Нет сомнения в том, что и Зощенко, и Булгаков, и Ильф и Петров смеялись над «Вороньей слободкой» и не любили ее. Но трактовка этой темы у Зощенко была все же иной, чем у Булгакова, Ильфа и Петрова. Зощенко пытался взглянуть на коммунальный быт изнутри: отсюда его сказовая манера, гораздо более органичная для него, чем для трех остальных писателей. Из-за этой авторской «маски» многие поверхностные критики склонны были отождествлять Зощенко с его героями. Одобряя Ильфа и Петрова за то, что «они противостоят юмористике, типичным представителем которой является Зощенко», один из первых рецензентов «Двенадцати стульев» писал: «Смех Зощенко — это смех бытового оппортунизма, смех ради смеха и именно поэтому глуповатый, недейственный»[90]. К числу «поверхностных, но забавных» юмористов относил Зощенко и Луначарский[91], а своеобразный итог этой критике подвел Жданов, объявивший по указанию Сталина в 1946 г. писателя «пошляком» и «подонком литературы». Конечно, обывательский быт, который описывал Зощенко, не был для него предметом забавы — он ненавидел этот быт, но вместе с тем и боялся его: писатель глубоко пессимистичный, он ощущал «Воронью слободку» как силу, поглощающую все вокруг себя. В повести «Мишель Синягин», написанной несколько лет спустя, Зощенко даже будущих читателей повести, «лет этак, скажем, через сто или так немного меньше», представлял себе такими же жильцами коммунальной квартиры, как и своих современников[92].

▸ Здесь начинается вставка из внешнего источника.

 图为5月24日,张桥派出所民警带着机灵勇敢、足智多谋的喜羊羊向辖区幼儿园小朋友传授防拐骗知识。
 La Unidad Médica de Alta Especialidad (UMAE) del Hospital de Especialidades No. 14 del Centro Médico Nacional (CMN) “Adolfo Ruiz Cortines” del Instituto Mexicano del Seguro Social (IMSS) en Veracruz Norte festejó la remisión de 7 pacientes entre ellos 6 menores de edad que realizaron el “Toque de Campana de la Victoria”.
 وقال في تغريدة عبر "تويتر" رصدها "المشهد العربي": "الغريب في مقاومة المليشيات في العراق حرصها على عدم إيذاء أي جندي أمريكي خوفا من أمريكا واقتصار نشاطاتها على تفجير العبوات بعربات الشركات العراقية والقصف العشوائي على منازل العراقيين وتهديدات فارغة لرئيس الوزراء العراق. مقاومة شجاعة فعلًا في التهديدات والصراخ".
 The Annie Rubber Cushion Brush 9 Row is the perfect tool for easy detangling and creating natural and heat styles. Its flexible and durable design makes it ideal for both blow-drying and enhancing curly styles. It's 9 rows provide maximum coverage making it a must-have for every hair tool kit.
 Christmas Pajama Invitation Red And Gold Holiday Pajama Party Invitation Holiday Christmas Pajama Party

Ильф и Петров, подобно Булгакову, смотрели на Колоколамск и «Воронью слободку» со стороны; враг этот не казался им непобедимым. Что же противопоставляли писатели Колоколамску и «египетской тьме»? В значительной степени их ответ был одинаковым. Урбанизм, уважение к культуре, к науке и к технике, облегчающей человеческую жизнь, — вот что роднит всех трех писателей. В булгаковском рассказе «Сорок сороков» герой смотрит на городе вершины самого высокого дома тогдашней Москвы. Впервые после «голых времен» весной 1922 г. слышится какой-то звук; в июле «бульварные кольца» начинают светиться, «и радиусы огней» уходят к «краям Москвы», а в 1923 г. «Москва заливается огнями… все сильней… Москва спит теперь, и ночью не гася всех огненных глаз»[93].

Та же тема и те же настроения в раннем очерке Ильфа «Москва от зари до зари». Он начинается и кончается ночной Москвой.

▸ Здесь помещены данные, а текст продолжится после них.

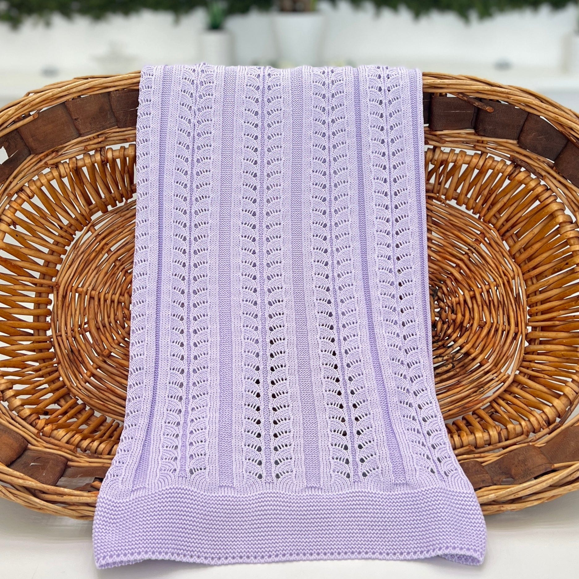 Copertina in filo di cotone color glicine, impreziosita da una delicata lavorazione traforata che dona leggerezza e raffinatezza. Morbida al tatto e ideale per la pelle delicata della neonata, è perfetta per avvolgerla con dolcezza in ogni momento della giornata.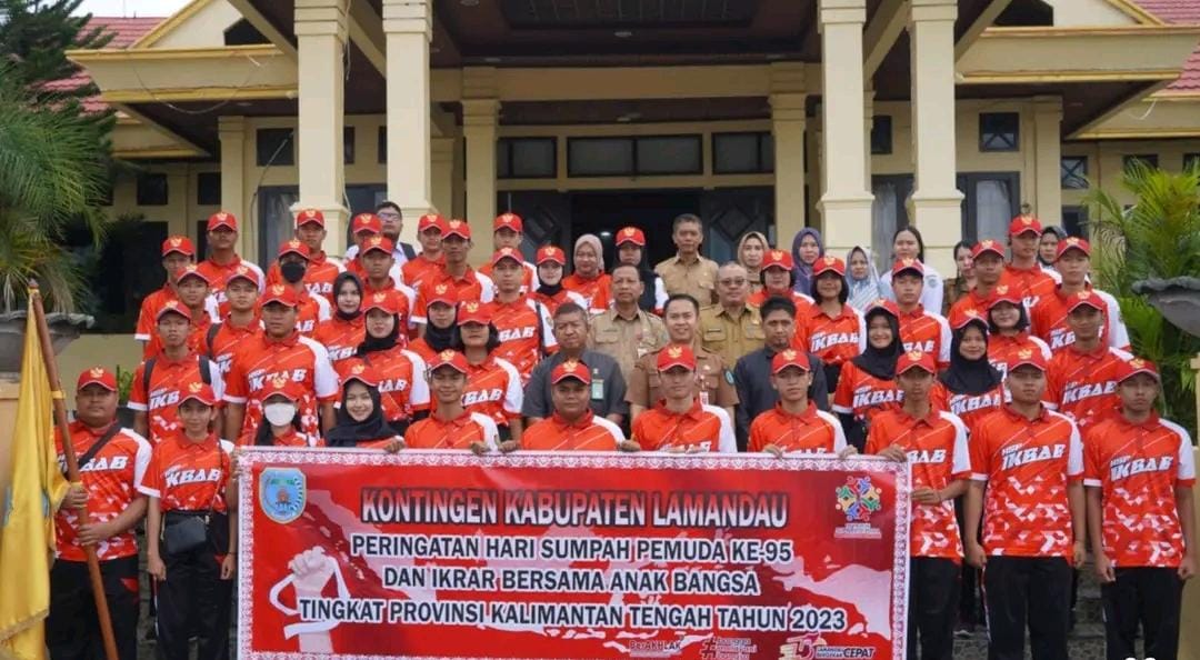 NANGA BULIK, inikalteng.com – Pj Bupati Lamandau Lilis Suriani melalui Asisten Pemerintahan dan Kesra Setda Lamandau Triadi Eka Asi Jaya Diputera, secara resmi melepas 65 orang kontingen Kabupaten Lamandau yang akan mengikuti kegiatan peringatan hari Sumpah Pemuda ke-95 dan Ikrar Bersama Anak Bangsa (IBAB) tingkat Provinsi Kalteng, di kabupaten Kapuas pada 26 hingga 29 Oktober 2023, di Aula Setda Lamandau, Selasa (24/10/2023).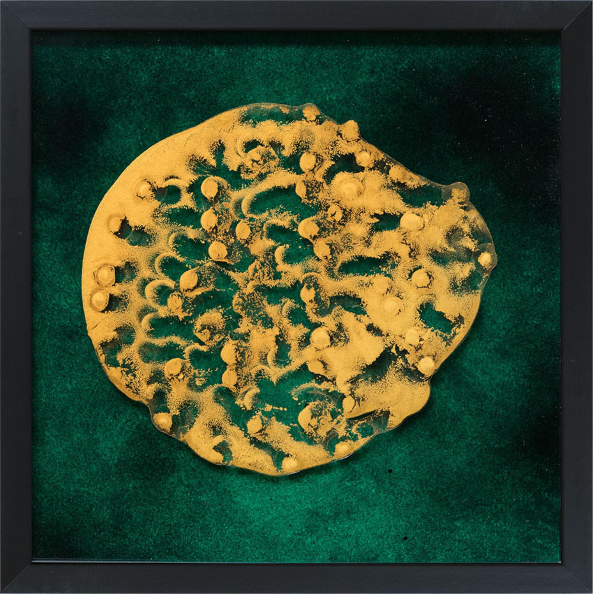 Interpretationsoffene Malerei. Das Hinterglasbild besteht aus zwei Glastafeln (Floatglas). Diese sind in einem Abstand von 5 mm hintereinandergestellt und durch eine schwarze Holzleiste getrennt. Dem Bild wird dadurch eine räumliche Tiefenwirkung verliehen.

Темная календарная ночь стоит над столицей, набережные оцеплены двумя рядами газовых фонарных огоньков, но люди уже работают, не обращая внимания на календарь… На Берсеневской набережной, у Большого Каменного моста, сияют высоко подвешенные электрические лампы… — здесь строится дом-великан.

Потом рассвет, время собирателей окурков, которых спугивают дворники, время молочниц, время, когда просыпаются окраины, время рабочих, домохозяек, школьников, служащих. Потом обратные валы, вечер, час лекций, театров, диспутов — и снова ночь:

У тесового забора Ермаковского ночлежного дома выстроились в очереди оставшиеся без ночлега приезжие и завсегдатаи этого места… Но маневрирующие паровозы свистят по-прежнему, в газетных цинкографиях вспышками возникает фиолетовый свет… И даже когда по календарю глухая ночь, когда закрылись театры, и клубы, и рестораны, когда пустеют улицы и мосты сонно висят над рекой, — даже и тогда светятся кремлевские здания и шумно дышит МОГЭС (Т. 5. С. 54, 62–63).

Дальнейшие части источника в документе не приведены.